Some of the most fascinating topics covered this week are: Business (VUCA spells doom for managers and their mantras; why is ear worth much less than eye? One person who took down a country), Technology (The Splinternet of Things threatens 5G's potential; Tech that could seriously change the game in 2020), Personality (How to lead a conversation between people who disagree), and India (India's Great Slowdown: What happened? What's the way out?)

Published: Jan 4, 2020 08:15:26 AM IST

g_126009_shutterstock_1016846785_bg_280x210.jpgImage: Shutterstock

At Ambit, we spend a lot of time reading articles that cover a wide gamut of topics, ranging from zeitgeist to futuristic, and encapsulate them in our weekly ‘Ten Interesting Things’ product.
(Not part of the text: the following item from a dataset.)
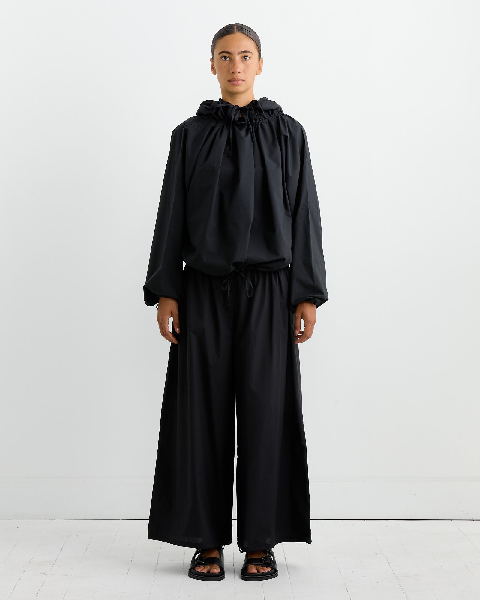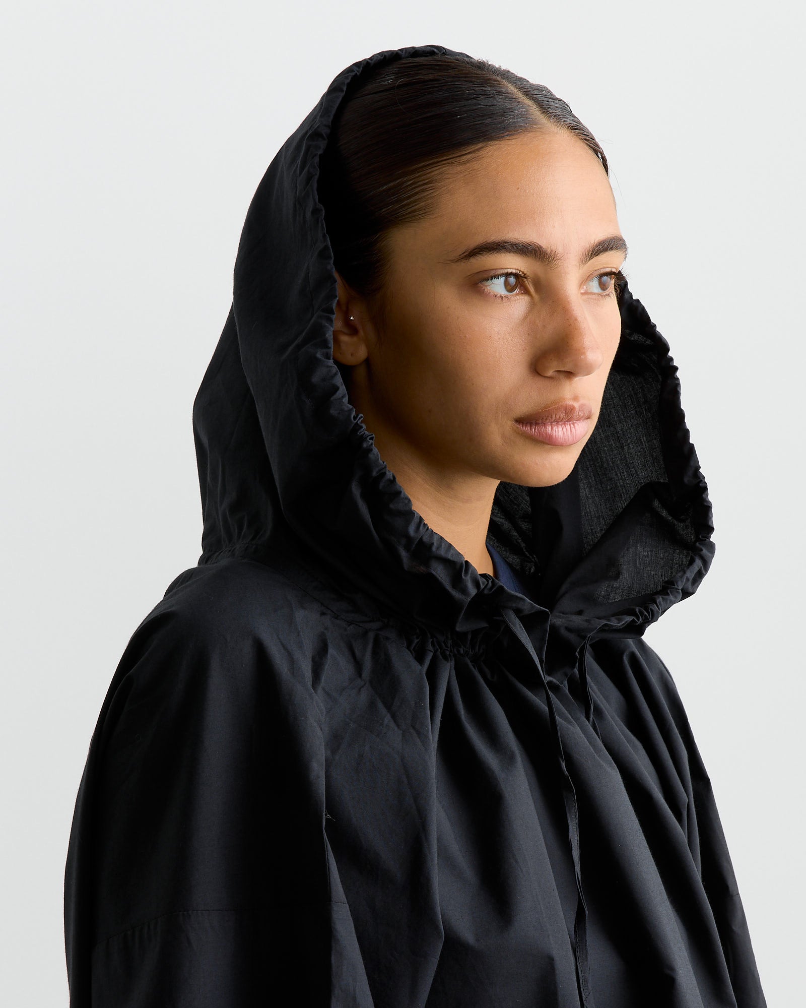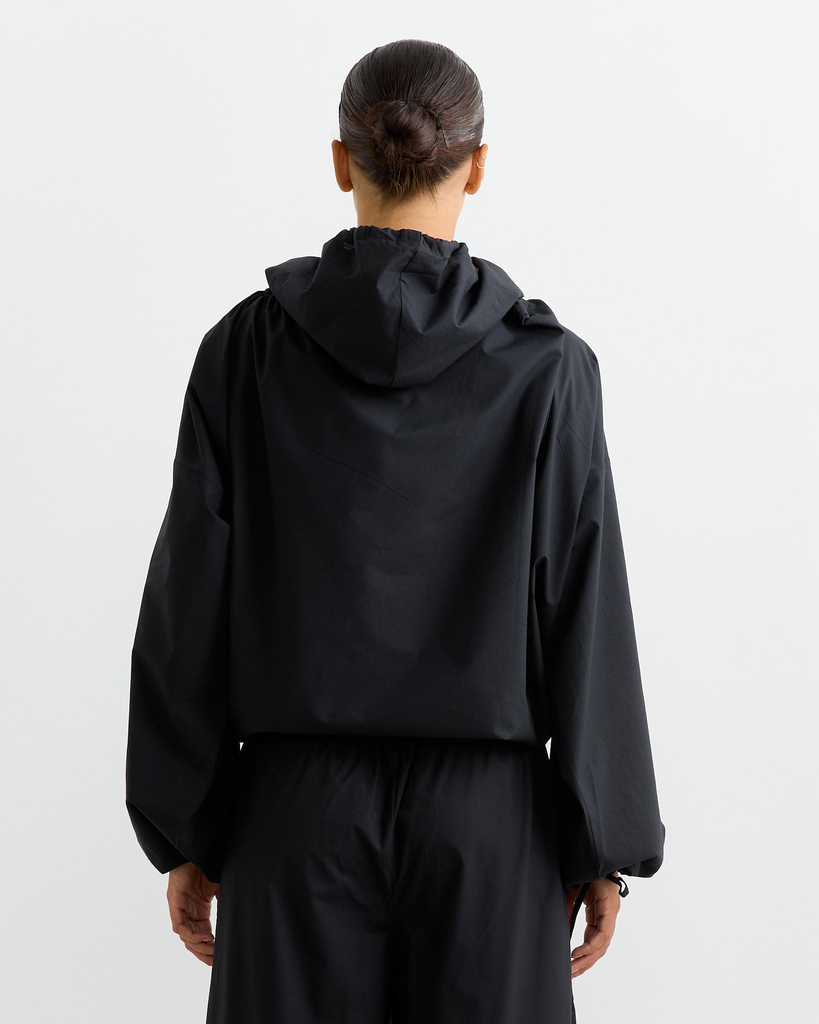 The Baserange Point Top in Black is crafted from 100% organic cotton poplin, offering a lightweight and breathable fit. It features a versatile design with drawstrings at the hood, neck, cuffs, and hem, allowing for an adjustable, customizable look. This top is produced sustainably, adhering to GOTS, Oeko-Tex, and OCS 100 certifications, ensuring ethical production practices.

Some of the most fascinating topics covered this week are: Business (VUCA spells doom for managers and their mantras; why is ear worth much less than eye? One person who took down a country), Technology (The Splinternet of Things threatens 5G's potential; Tech that could seriously change the game in 2020), Personality (How to lead a conversation between people who disagree), and India (India’s Great Slowdown: What happened? What’s the way out?). 

Here are the ten most interesting pieces that we read this week, ended January 03, 2020.

1) VUCA spells doom for managers and their mantras [Source: Livemint]
When an employee joins a new company, he is often given pages to fill up. The principle guiding this exercise is management by objectives (MBO), a tool developed by Peter Drucker, often described as the “founder of modern management". The organization’s goals are broken down into smaller and smaller goals as one went down the pyramid until they reached the employee, at the bottom of the managerial food chain. All employees had to define (or were given) their key result areas (KRAs) and set targets, against which they would be judged at the end of the year.

But, this is changing now. When the author of this piece enquired about the same, his friend said, “MBO is gone, KRAs are gone." So what’s in now? “A lot of companies use OKR—Google, Microsoft, all the top firms," he said. OKR stands for objectives and key results. OKR was developed at Intel Corp. in the 1970s by its legendary CEO Andy Grove. John Doerr, today one of Silicon Valley’s most powerful investors, learnt it at Intel as a young engineer. As an early investor in Google, he introduced the founders Larry Page and Sergei Brin to it. Since then, OKR has spread like wildfire.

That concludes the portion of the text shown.